I will not write a letter. I will not get the JROTC blacklisted because the monsignor is a mighty dick. The world is filled with mighty dicks. I bet they have their own club. And their own secret handshake. 

Friday, October 14, 2016

I Believe

It is Youngest whom I want most of all to understand. He who has become so wrapped up in the election hysteria, watching debates as intently as I do and keeping up on the news nearly as much. He who wears his Trump T-shirt and enjoys entirely too much the interactions he has while wearing it. The fact that we know he wears it as an ironic statement does almost nothing for my disapproval of his wearing it. And, while I recognize that I am the adult in this relationship, I let him continue to wear it and fight his battles. I will value his political engagement and set aside the rest.

Or maybe I won't.

I won't.

He said to me last night that it is inexcusable that the Trump sexual harassment accusers waited as long as 30 years to speak up. He completely discounts the Jessica Leeds's story about her encounter with Trump on the plane. He can't imagine anyone not speaking up at the time.

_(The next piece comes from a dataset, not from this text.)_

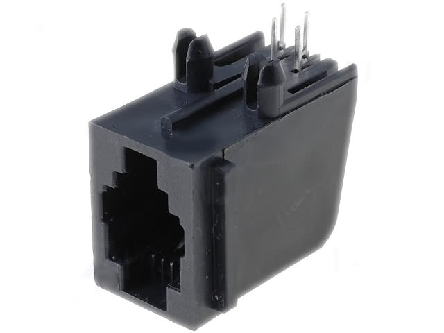 US telefonní zásuvka 4P4C do plošného spoje, osazené 4piny, kontakty nahoře, horizontální (vstup na boku)
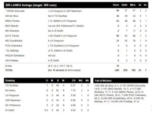 ලකුණු 365 ක ජයග්‍රාහි ඉලක්කයක් හඹා ගිය ශ්‍රී ලංකා කණ්ඩායමට පන්දුවාර 41 යි පන්දු 04 කදී සියළු දෙනා දැවි ලබා ගැනිමට හැකි වුයේ ලකුණූ 249 ක් පමණි.

But I can imagine it. I lived it. For more than a year, more than a decade ago, I was harassed by a man in a position of power. And I did nothing about it as a means of self-preservation. I needed the job. I hated being in the situation I was in, no doubt about it. But I sucked it up. A number of us did. There really felt like there was no recourse.

Ultimately, when he went way too far with another woman, it all came crashing down. And you know what happened to him? Nothing. Sure, corporate sent him for a bit of counseling and he gave up drinking (at least around any employees for awhile). And he continued to run the company. And he continued to make me uncomfortable until I finally had the chance to leave.

Dear Youngest, it happens. The strongest women among us suck it up because we see what happens when we don't. Nothing.

It's time to bin the Trump shirt, honey.